Task
Without the images, write out the whole listing exactly.
***** The data *****
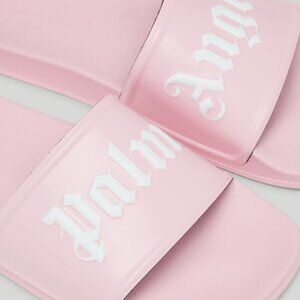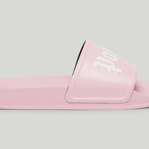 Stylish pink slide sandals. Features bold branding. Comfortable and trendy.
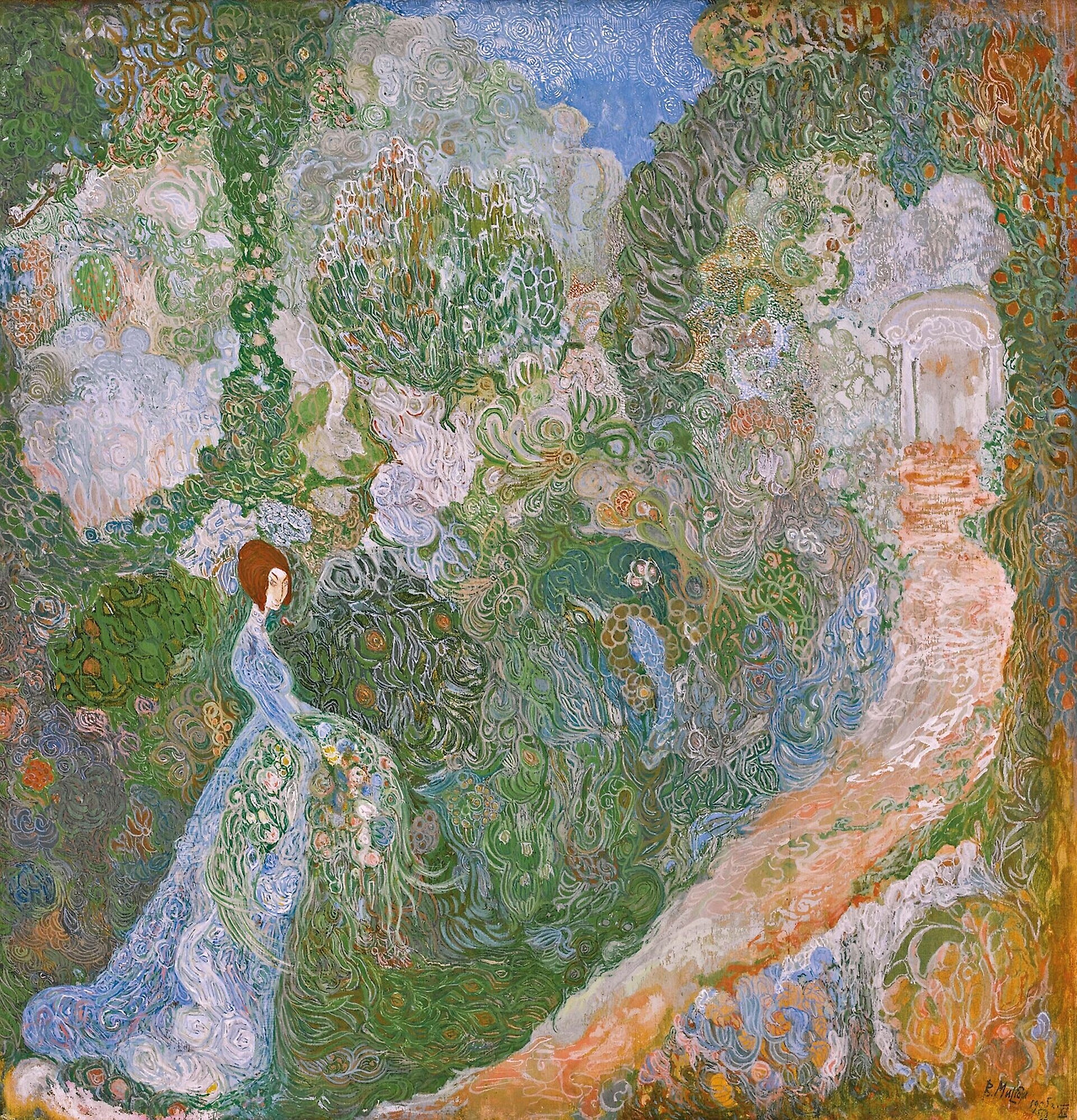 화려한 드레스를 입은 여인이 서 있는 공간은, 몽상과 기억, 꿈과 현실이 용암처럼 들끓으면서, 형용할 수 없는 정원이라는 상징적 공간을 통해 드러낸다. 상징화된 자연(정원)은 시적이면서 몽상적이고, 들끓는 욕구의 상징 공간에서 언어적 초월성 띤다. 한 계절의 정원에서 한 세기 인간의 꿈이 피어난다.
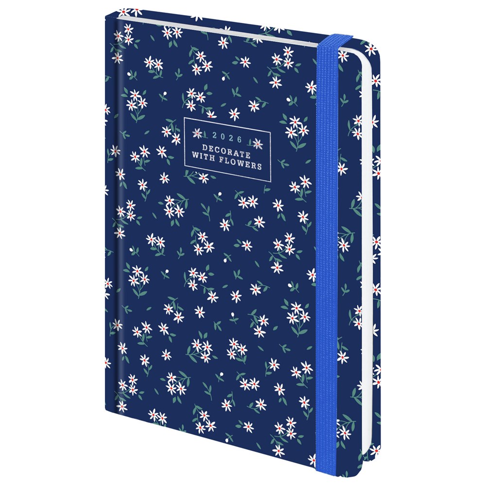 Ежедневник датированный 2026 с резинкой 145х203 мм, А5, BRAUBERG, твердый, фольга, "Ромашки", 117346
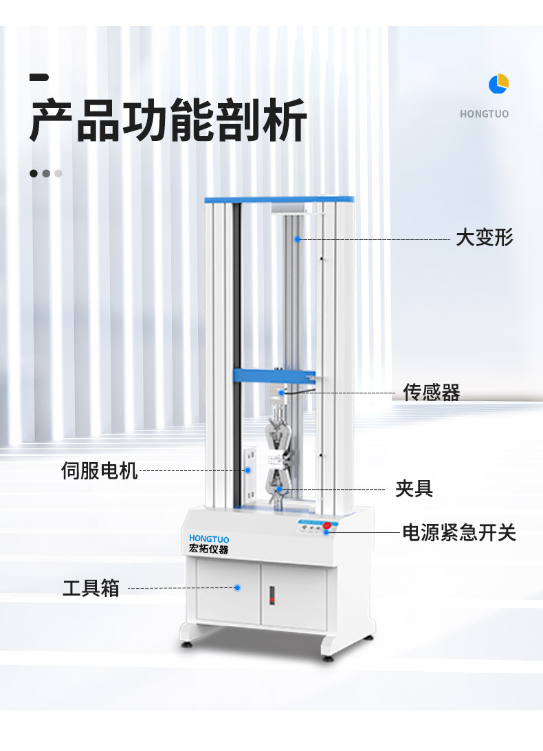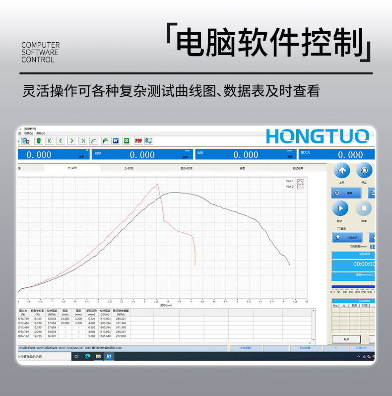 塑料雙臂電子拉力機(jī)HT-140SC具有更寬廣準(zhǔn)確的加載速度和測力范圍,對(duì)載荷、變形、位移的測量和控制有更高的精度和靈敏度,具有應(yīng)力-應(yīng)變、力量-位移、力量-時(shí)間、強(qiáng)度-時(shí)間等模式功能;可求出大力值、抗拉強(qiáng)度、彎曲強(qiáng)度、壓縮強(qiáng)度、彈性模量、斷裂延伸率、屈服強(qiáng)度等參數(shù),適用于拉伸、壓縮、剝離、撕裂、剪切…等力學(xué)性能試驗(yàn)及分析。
*****
Written answer
 Stylish pink slide sandals. Features bold branding. Comfortable and trendy.
 화려한 드레스를 입은 여인이 서 있는 공간은, 몽상과 기억, 꿈과 현실이 용암처럼 들끓으면서, 형용할 수 없는 정원이라는 상징적 공간을 통해 드러낸다. 상징화된 자연(정원)은 시적이면서 몽상적이고, 들끓는 욕구의 상징 공간에서 언어적 초월성 띤다. 한 계절의 정원에서 한 세기 인간의 꿈이 피어난다.
 Ежедневник датированный 2026 с резинкой 145х203 мм, А5, BRAUBERG, твердый, фольга, "Ромашки", 117346
 塑料雙臂電子拉力機(jī)HT-140SC具有更寬廣準(zhǔn)確的加載速度和測力范圍,對(duì)載荷、變形、位移的測量和控制有更高的精度和靈敏度,具有應(yīng)力-應(yīng)變、力量-位移、力量-時(shí)間、強(qiáng)度-時(shí)間等模式功能;可求出大力值、抗拉強(qiáng)度、彎曲強(qiáng)度、壓縮強(qiáng)度、彈性模量、斷裂延伸率、屈服強(qiáng)度等參數(shù),適用于拉伸、壓縮、剝離、撕裂、剪切…等力學(xué)性能試驗(yàn)及分析。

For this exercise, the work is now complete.